An example using FIPS codes from the south example data:
import geopandas
from libpysal import weights, examples
examples.load_example("south.shp") # I can't locate south if I don't load it first, even if it's downloaded?
south = geopandas.read_file(examples.get_path("south.shp"))
south_shuffled = south.sample(frac=1, replace=False)
print(weights.Rook.from_dataframe(south, ids="FIPS").id_order[:5])
['01001', '01003', '01005', '01007', '01009']
print(weights.DistanceBand.from_dataframe(south, threshold=2, ids="FIPS").id_order[:5])
['54029', '54009', '54069', '54051', '10003']
Sorting of the ids is happening for contiguity weights, but not distance weights. The passing isn't working at all for the Delaunay-family weights:
print(weights.Delaunay.from_dataframe(south.set_geometry(south.centroid), ids="FIPS").id_order[:5])
[0, 1, 2, 3, 4, 5]
print(weights.Gabriel.from_dataframe(south.set_geometry(south.centroid), ids="FIPS").id_order[:5])
[0, 1, 2, 3, 4, 5]
And this fails entirely, since the columns aren't propagated down to the FIPS
weights.Voronoi(south.set_geometry(south.centroid), ids='FIPS')
because columns aren't correctly propagated through to the Rook.from_dataframe() call.

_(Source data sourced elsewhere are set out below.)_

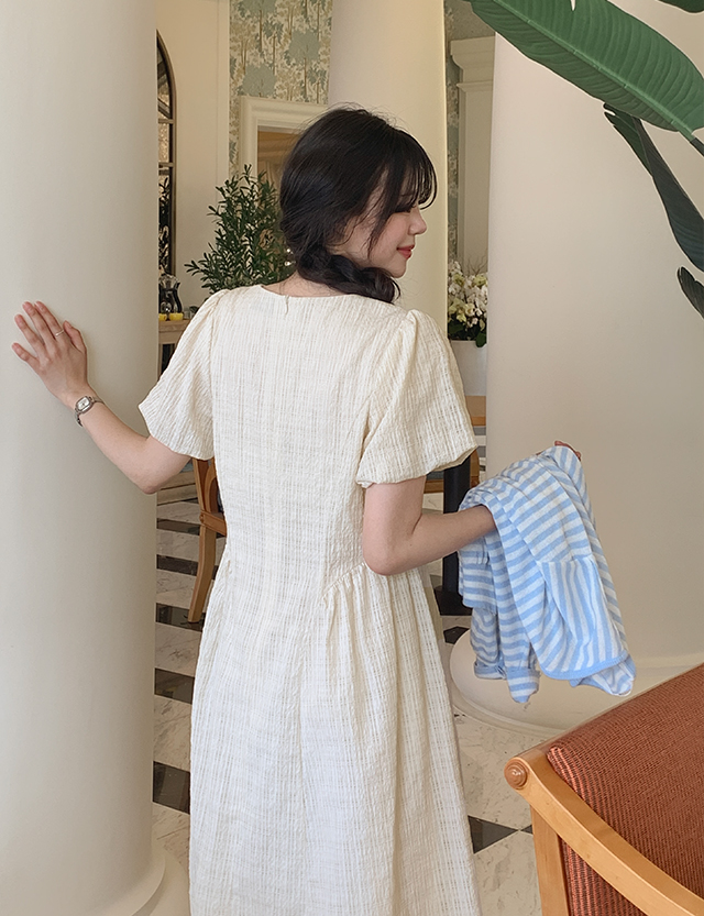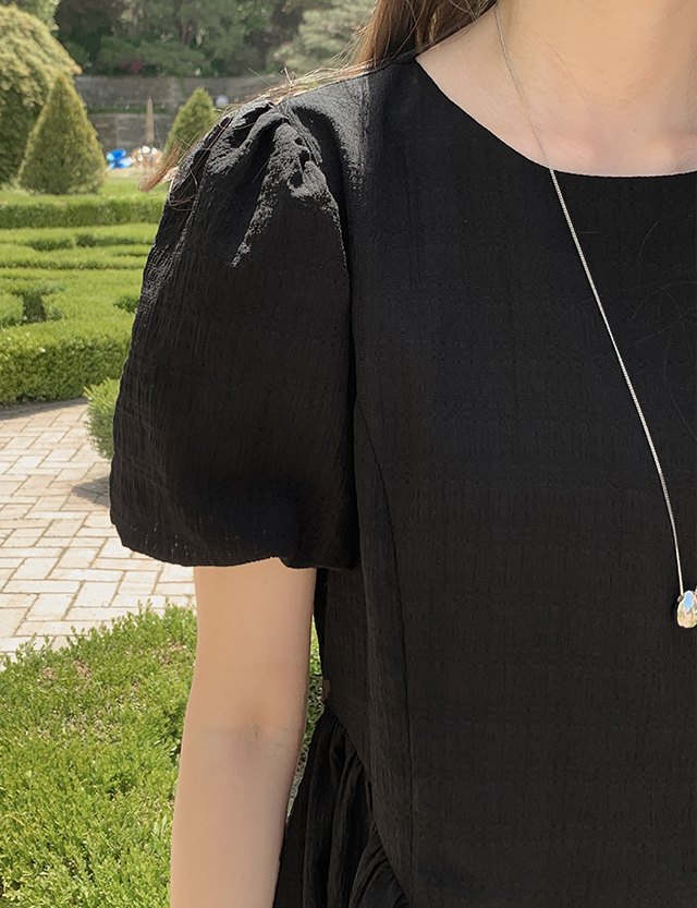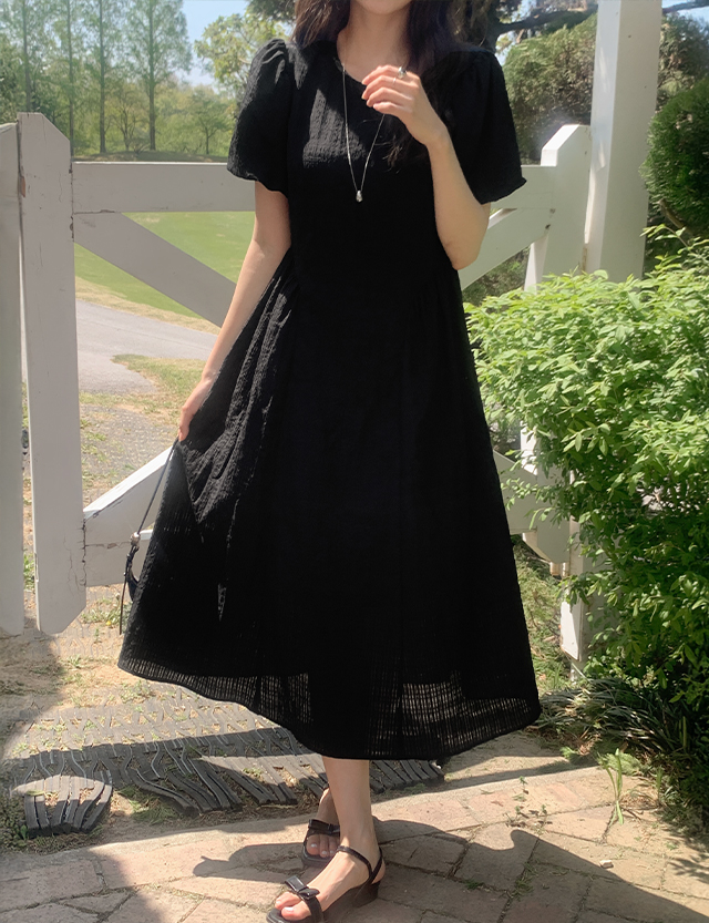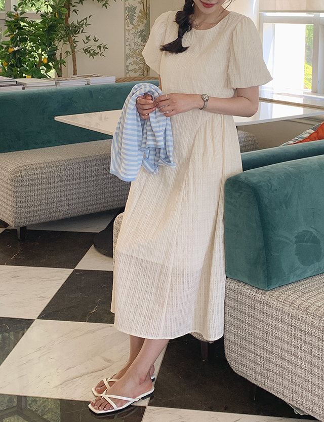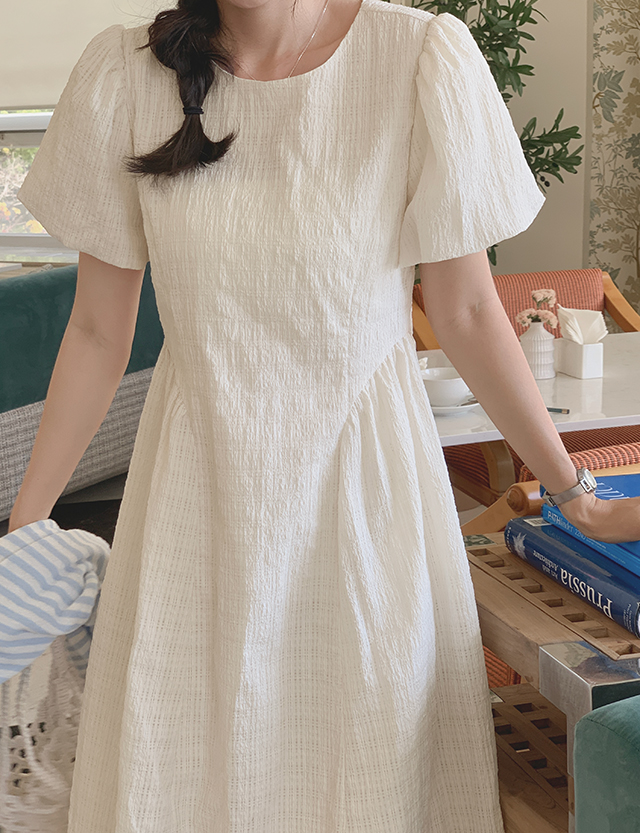 잔잔한 체크 짜임과 퍼프소매로 러블리한 원피스
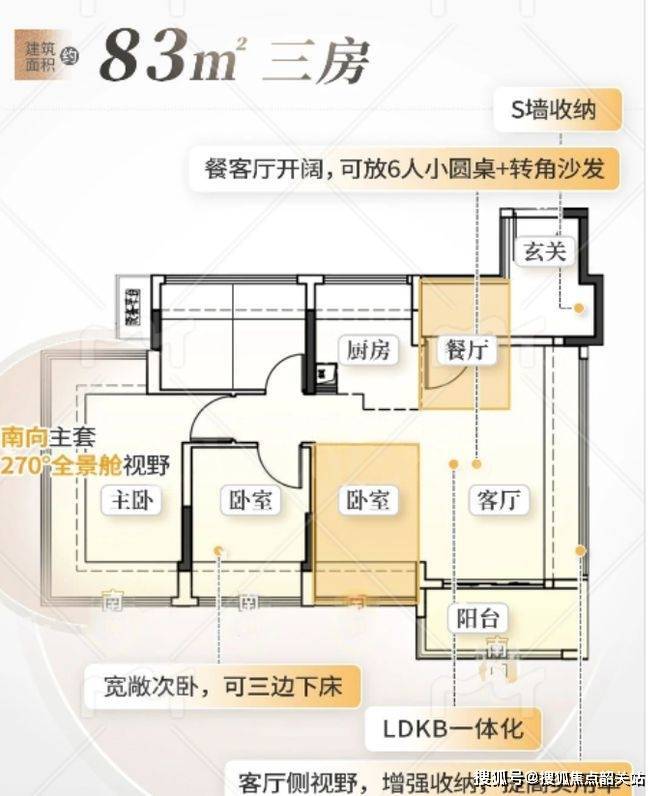 户型设计亮点满满。项目全盘 4 栋楼共 530 户,均为 27 - 37F 高层,产品面积段为建面约 83 - 126㎡,全南向四至五空间。建面约 83㎡的南向三房两卫,单边位预测套内面积更大,且相比之前新规户型有所升级,次卧尺度更大可三边下床。99 平四房两卫户型,拥有 IMAX 宽景阳台、主卧三面环幕视野设计,还能灵活打造 “超聚厅”。109㎡四房南北对流,两个次卧空间大,4.5 开间朝南,双面宽大阳台,玄关处 800 库增强收纳。126㎡五房两卫,5.5 开间朝南,四间卧室朝南,南北对流,客餐厅尺度阔绰,同样有 800 库玄关,舒适度与功能性兼具。整体户型设计合理,得房率高,充分考虑了居住体验。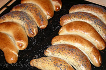 prelozime na plech a zakryte nechame kysnut na teplom mieste asi 40min, potrieme vajcom, posypeme a pecieme
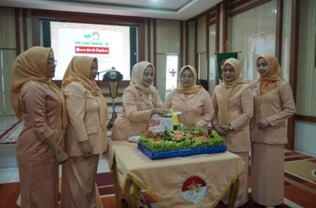 Haloindonesianews.com,MUAROJAMBI- Ketua TP PKK Kabupaten Muaro Jambi sekaligus ketua Dekranasda dan Dewan Penasehat Dharma Wanita Persatuan Kabupaten Muaro Jambi Habibah Najmi S.E menghadiri acara peringatan hari jadi Dharma Wanita Persatuan ( DWP ) pegawai Negri sipil yang ke 25, Senin (09/12/2024 ).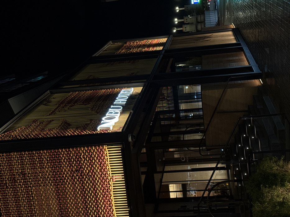 The Nobu Hotel building is captured at night, showcasing its unique architectural design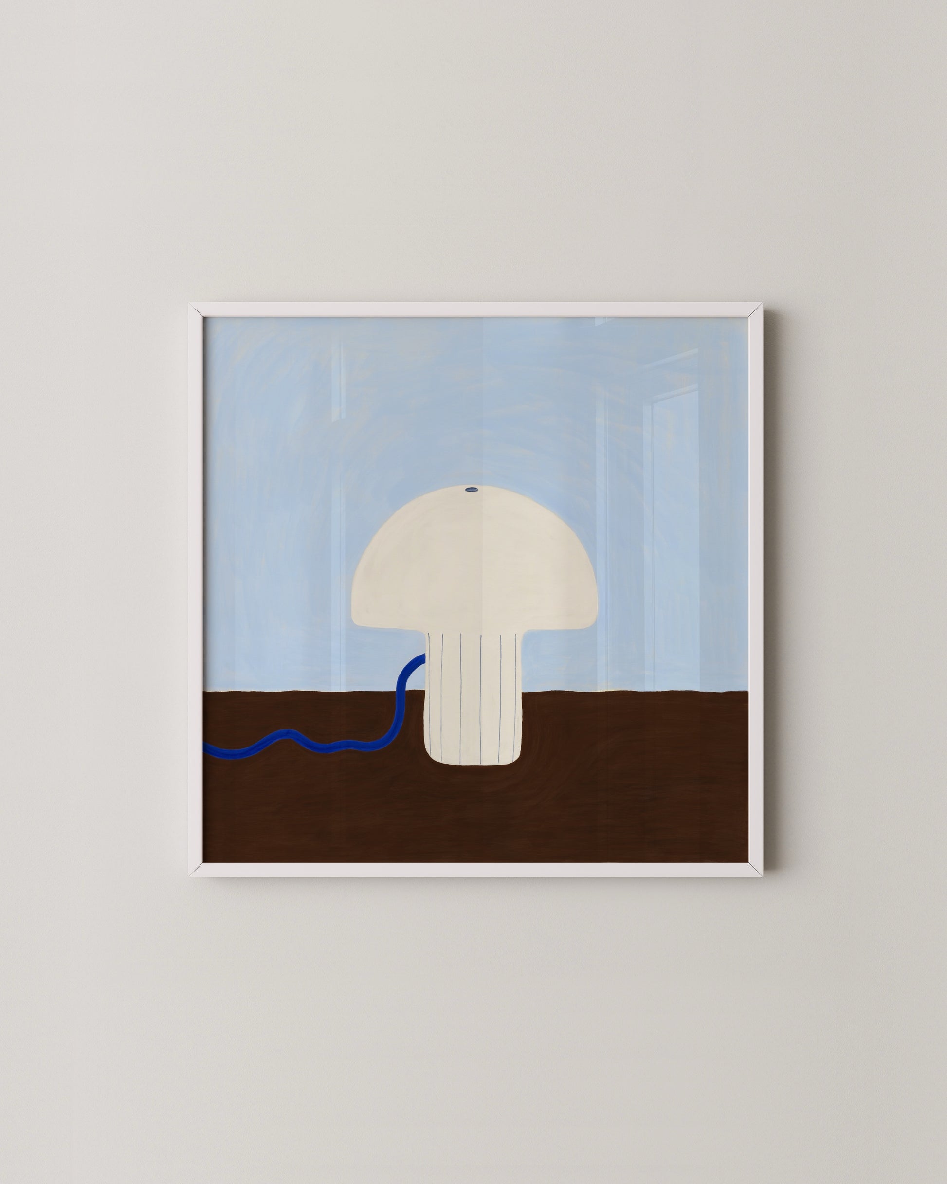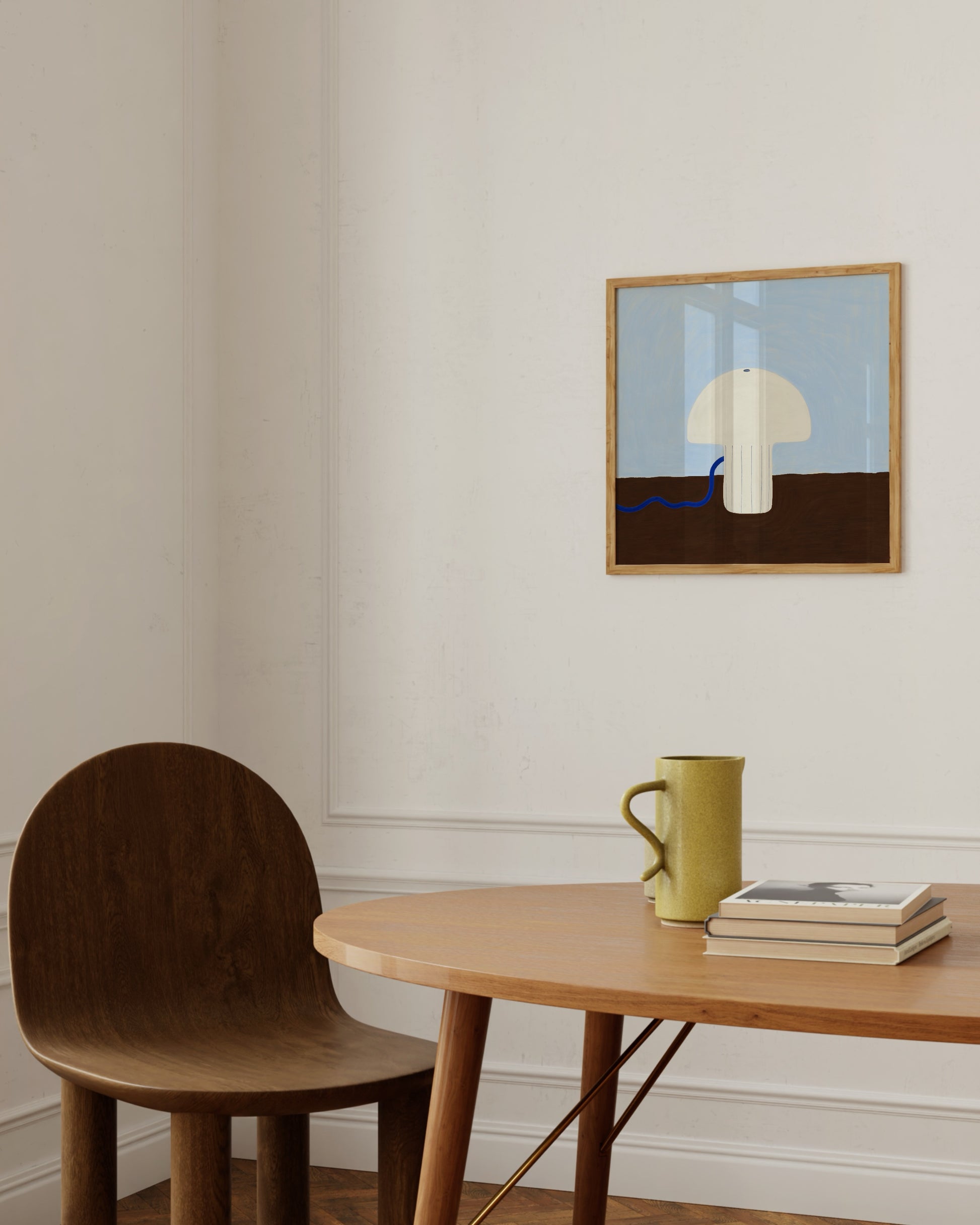 A whimsical mushroom lamp illustration with a soft sky backdrop, earthy base, and playful blue cord. This quirky minimal artwork makes a unique addition to kitchens, living rooms, or gallery walls. Printable wall art, delivered instantly for easy DIY decor.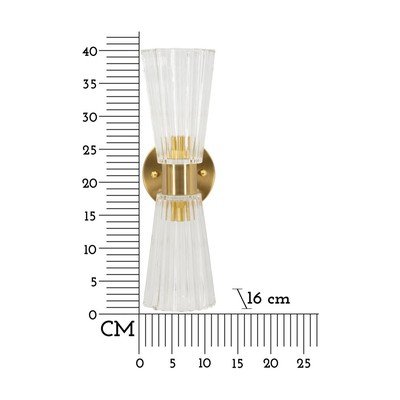 Nástenné svietidlo Prague od značky Mauro Ferretti. Dve sklenené tienidlá s ryhovaným povrchom sú usporiadané v elegantnom tvare presýpacích hodín.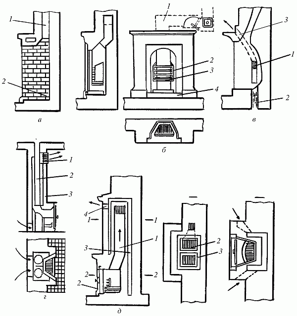 Рис. 80. Камины и каминопечи: а – камин: 1 – дымовая труба; 2 – под; б – камин с чугунной решеткой: 1 – дымовая труба; 2 – решетка; 3 – таган; 4 – под; в – камин с воздушным калорифером: 1 – коробка; 2, 3 – входной и выходной воздушные патрубки; г – камин с трубой: 1 – душник; 2 – дымовая труба; 3 – воздушный канал; д – печь-камин: 1 – подъемный газоход; 2 – топочная дверка; 3 – опускной газоход; 4 – душник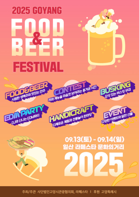 🍺 2025 고양 푸드앤비어 페스티벌, 9월 13~14일 라페스타에서 열린다!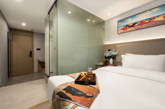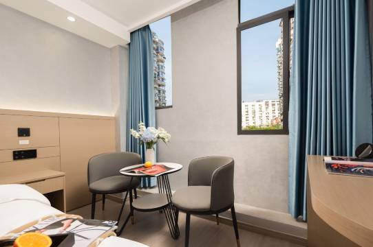很新的酒店,房间空间很大,采光好,明亮,设施齐全,前台服务非常好,特别是有免费的停车场,同济这附近停车太贵了,一天都100多,这个性价比太高了,出行也很方便,这附近好吃的特别多,非常推荐。

@ljwolf whoops. I'll have a look at Delaunay/Voronoi stuff later unless you want to commit some changes yourself (which may be faster).
some odd behavior around weights ordering here
Can we solve the ordering issue in another PR and have this focused on passing the ids through? Since this hasn't changed from what we have on master.
Sure! I'm drafting a fix for these inconsistencies now, will send
I've sent a PR upstream (martinfleis/libpysal#35), since I'm not sure if this counts as "fixing" sorting by default.... What I'm referring to is this:
.from_dataframe() methods should always provide weights that are aligned to the input dataframe.
The current state of things is:
- contiguity weights'
.from_dataframe()will break the ordering - distance weights'
.from_dataframe()does not break the ordering - With martinfleis/libpysal#35,
Delaunay-based weights will not break the ordering.
I'd encourage us to not break order in from_dataframe(), which means that we consider the input to from_dataframe as having a "set" id_order, rather than sorting it.
The order should now be preserved for contiguity as well.
I think I'll add some tests for this before merging.
Should be ready now.
@martinfleis should we merge this?
Unless there are any other comments it is ready to merge, yes.